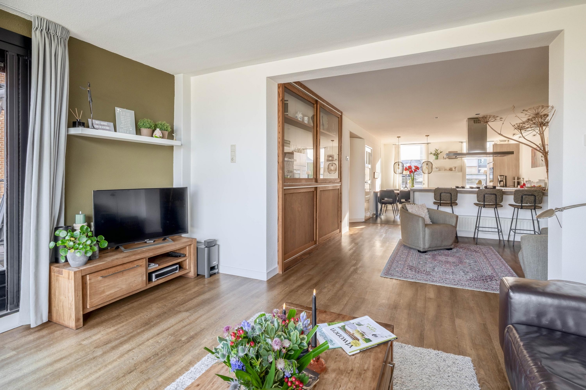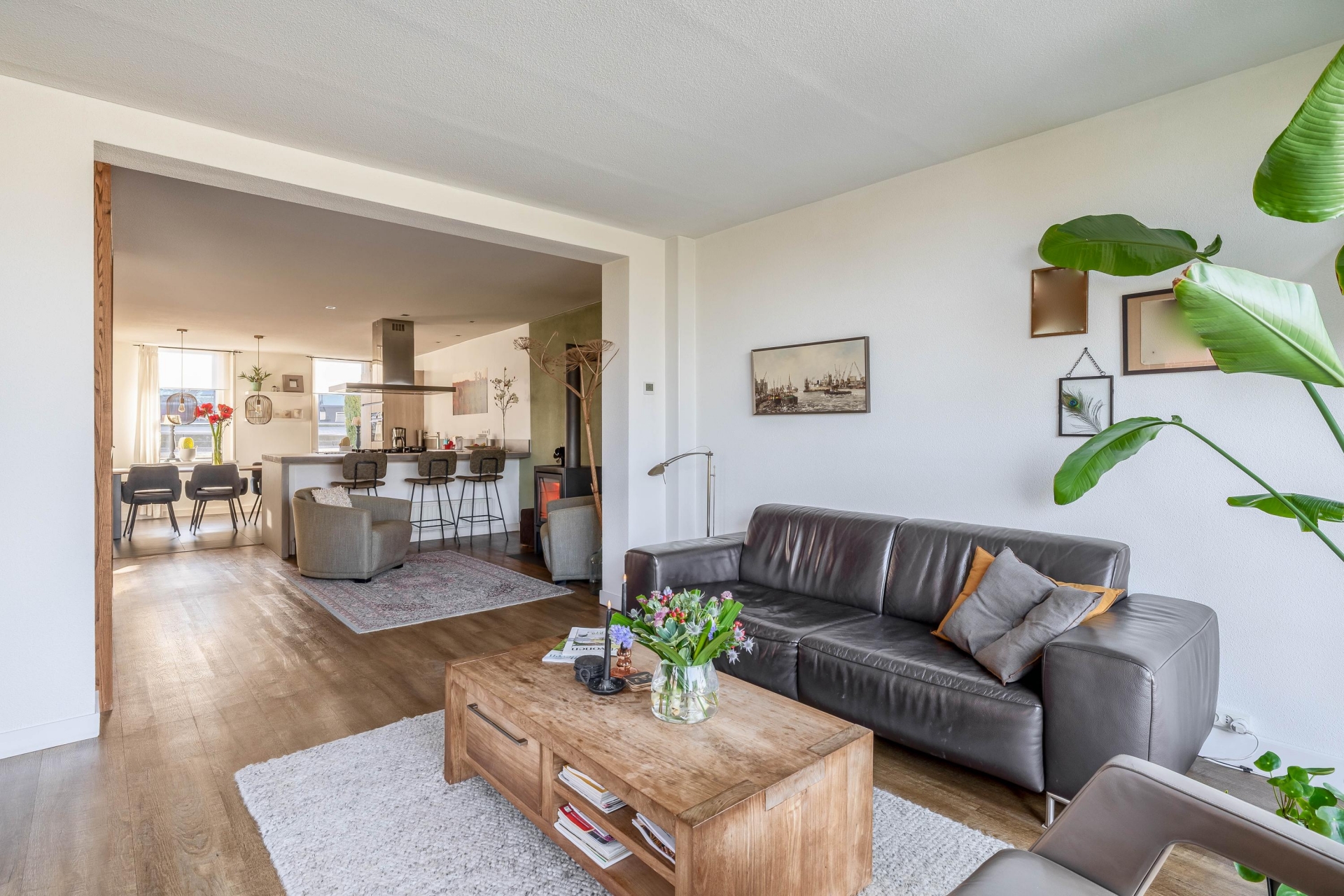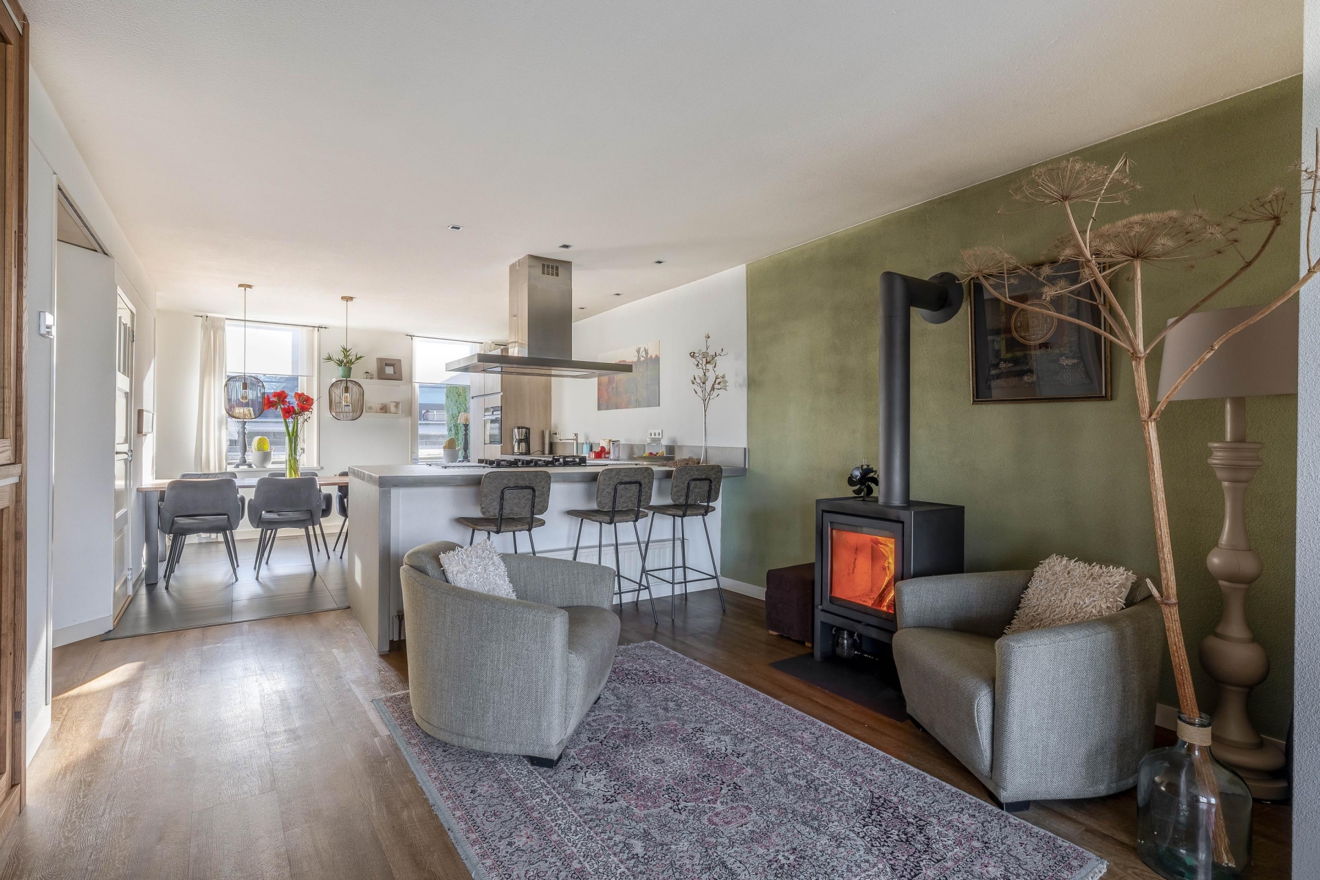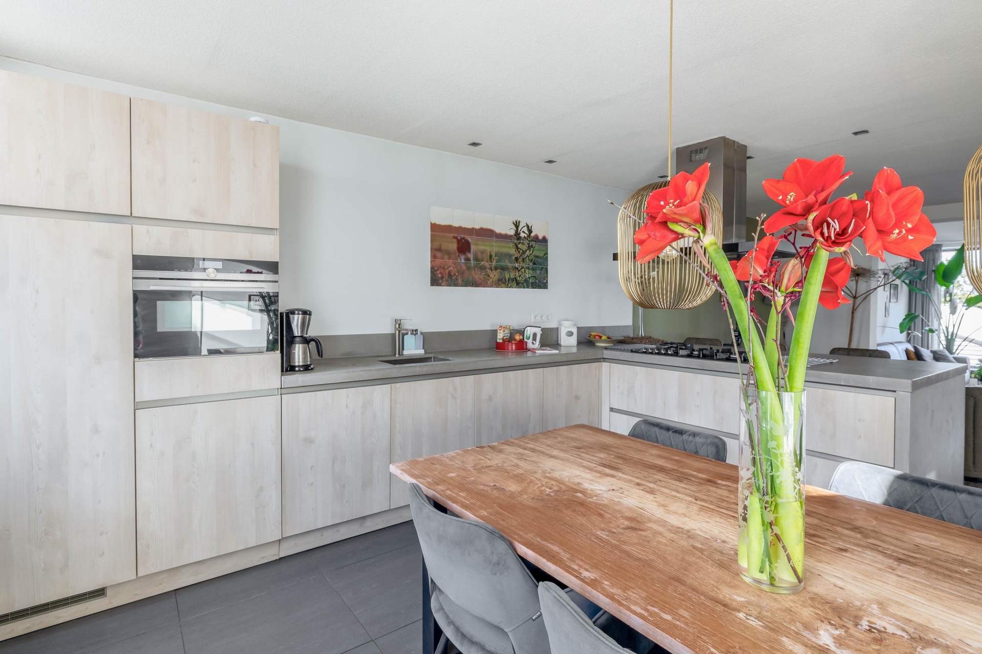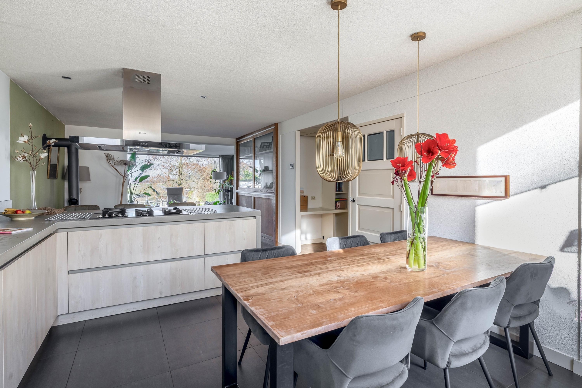 De moderne woonkeuken is een fijne plek waar koken en samenzijn centraal staan. Hier is volop ruimte voor een grote eettafel waar familie en vrienden gemakkelijk aanschuiven. De keuken vormt daarmee echt het hart van het huis.
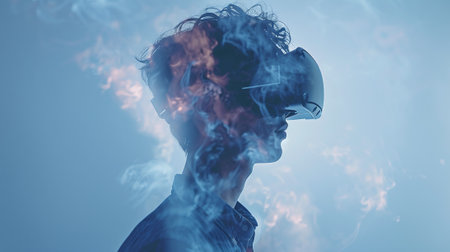 Wearing VR goggles using simulation device, double exposure on online cyber lifestyle.
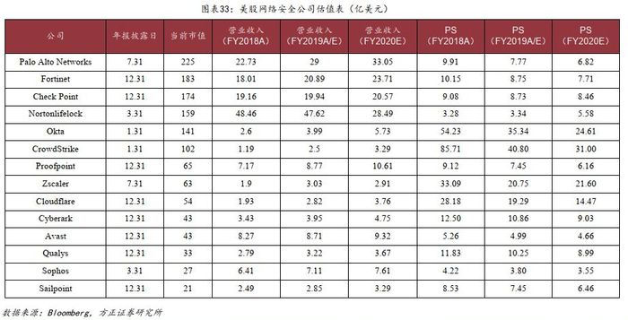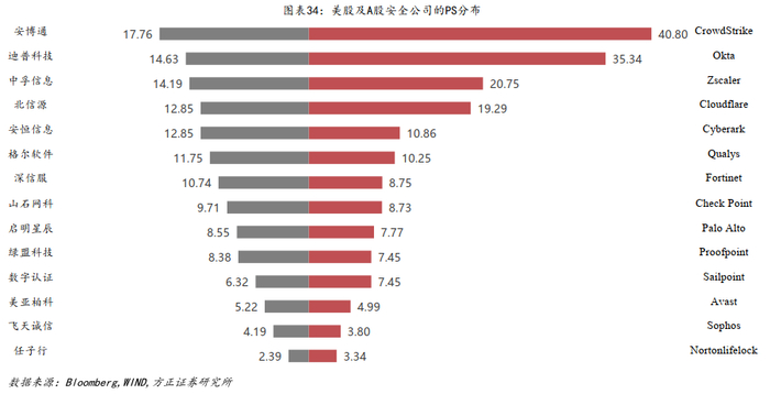 4、估值方法探讨:美股及A股网络安全标的适用估值方法探讨,国内网安公司是否适用于PS指标来对其进行估值。
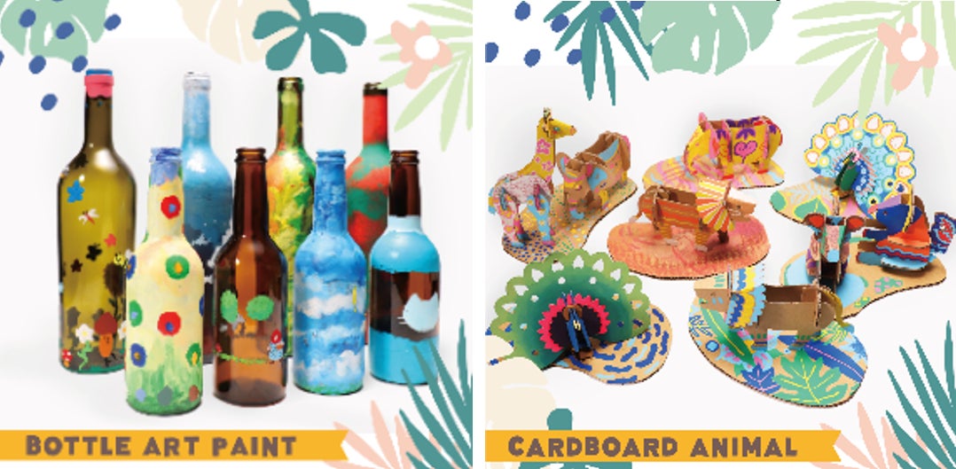 ①ボトルアートペイント/②ダンボールアニマルクラフト
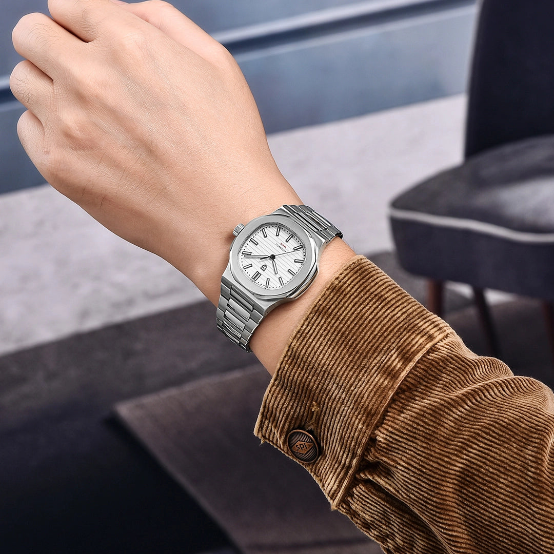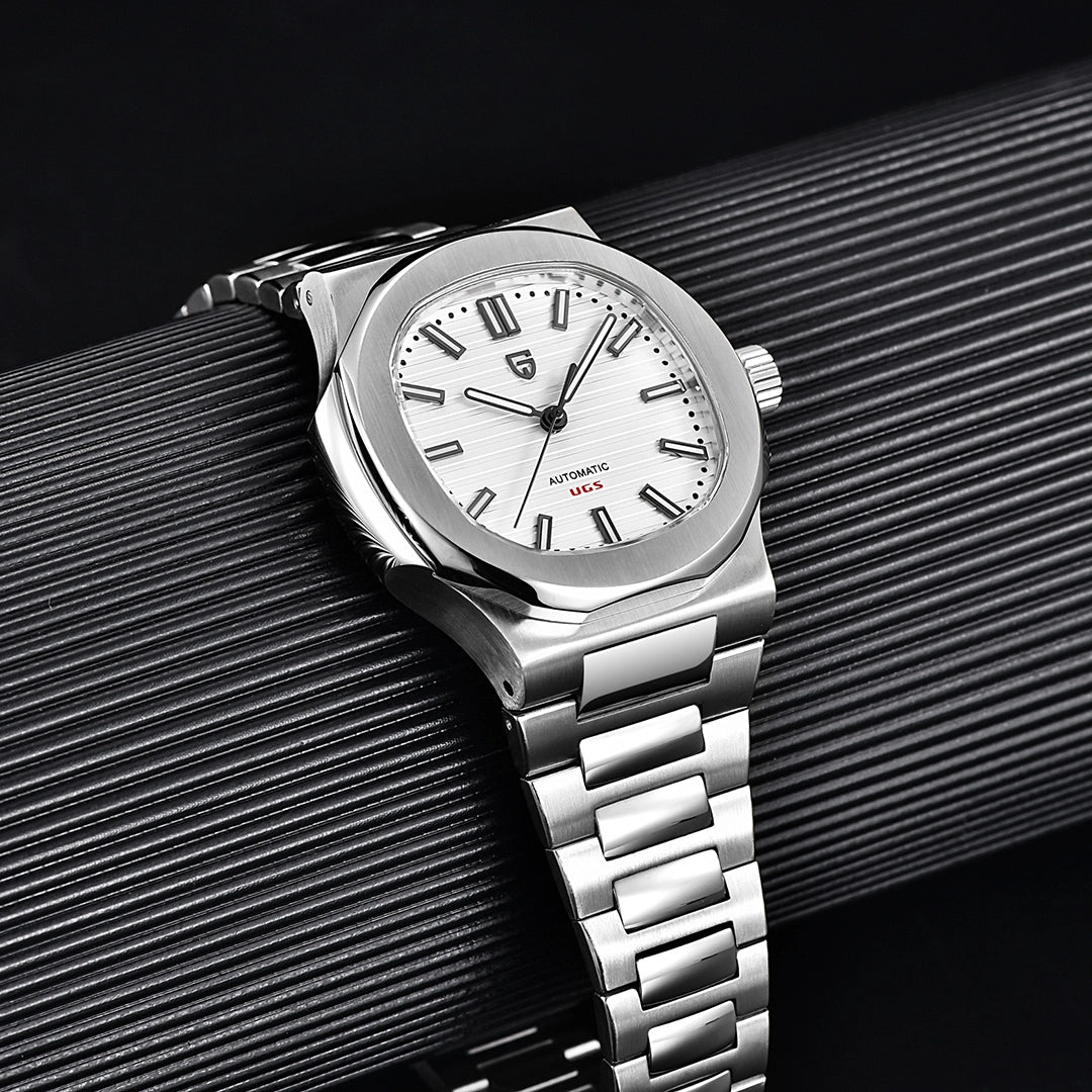Minimalistisk, tidløs og full av karakter – Pagani Design PD-1639 med hvit skive er klokken for deg som ønsker en ren og klassisk stil, uten å gå på kompromiss med ytelse. Det pålitelige Seiko NH35-urverket sørger for presisjon hver eneste dag – helt uten batterier.
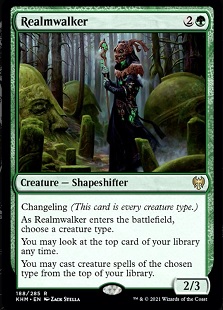 So, Realmwalker. Essentially Realmwalker is just Conspicuous Snoop for whatever tribe you want, which is a very solid effect. The low hanging fruit is elves, where you can cast Realmwalker turn two with Llanowar Elves or Heritage Druid and start tearing through your deck, but the application is there for essentially any tribal deck looking for some card advantage. The body isn't great, but it is more durable than Conspicuous Snoop which is nice.
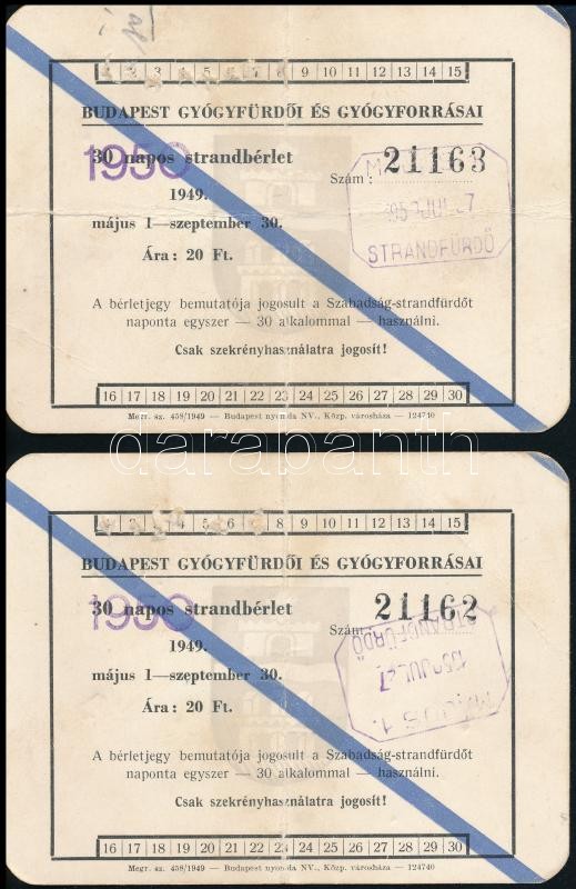 Leírás: 1950 2 db 30 napos strandbérlet, sorszámkövetőek
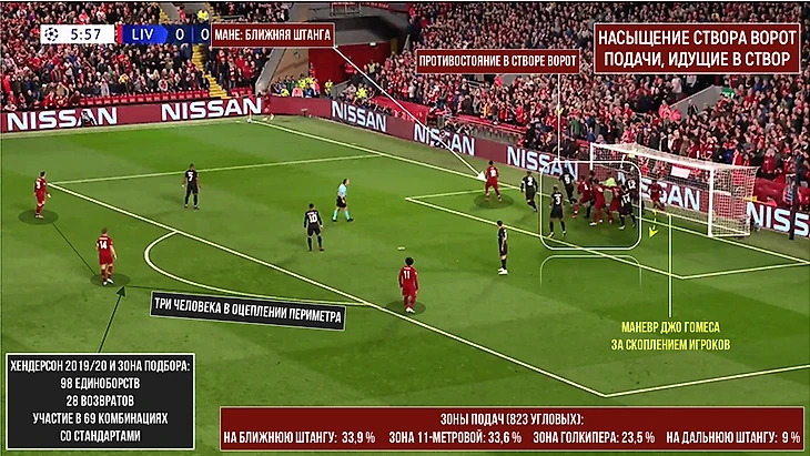 Способность «Ливерпуля» накрывать соперника дополнительными волнами после стандарта, пользуясь хаосом, потерей непосредственных оппонентов – неблагоприятное для соперника развитие событий. Голы и опасные моменты после подобных доигровок нельзя напрямую причислить к категории стандартных положений, но они – оружие, непосредственно вытекающее из ситуаций с подачами угловых и штрафных, против которых не менее тяжело защищаться. Когда «Ливерпуль» берет подбор и заново обостряет, конструкция обороны противника еще не всегда сформирована, что приводит к подобным ситуациям:

⁂

### Activity
Exactly reproduce each record, leaving out any pictures.

### Finished task
 De moderne woonkeuken is een fijne plek waar koken en samenzijn centraal staan. Hier is volop ruimte voor een grote eettafel waar familie en vrienden gemakkelijk aanschuiven. De keuken vormt daarmee echt het hart van het huis.
 Wearing VR goggles using simulation device, double exposure on online cyber lifestyle.
 4、估值方法探讨:美股及A股网络安全标的适用估值方法探讨,国内网安公司是否适用于PS指标来对其进行估值。
 ①ボトルアートペイント/②ダンボールアニマルクラフト
Minimalistisk, tidløs og full av karakter – Pagani Design PD-1639 med hvit skive er klokken for deg som ønsker en ren og klassisk stil, uten å gå på kompromiss med ytelse. Det pålitelige Seiko NH35-urverket sørger for presisjon hver eneste dag – helt uten batterier.
 So, Realmwalker. Essentially Realmwalker is just Conspicuous Snoop for whatever tribe you want, which is a very solid effect. The low hanging fruit is elves, where you can cast Realmwalker turn two with Llanowar Elves or Heritage Druid and start tearing through your deck, but the application is there for essentially any tribal deck looking for some card advantage. The body isn't great, but it is more durable than Conspicuous Snoop which is nice.
 Leírás: 1950 2 db 30 napos strandbérlet, sorszámkövetőek
 Способность «Ливерпуля» накрывать соперника дополнительными волнами после стандарта, пользуясь хаосом, потерей непосредственных оппонентов – неблагоприятное для соперника развитие событий. Голы и опасные моменты после подобных доигровок нельзя напрямую причислить к категории стандартных положений, но они – оружие, непосредственно вытекающее из ситуаций с подачами угловых и штрафных, против которых не менее тяжело защищаться. Когда «Ливерпуль» берет подбор и заново обостряет, конструкция обороны противника еще не всегда сформирована, что приводит к подобным ситуациям:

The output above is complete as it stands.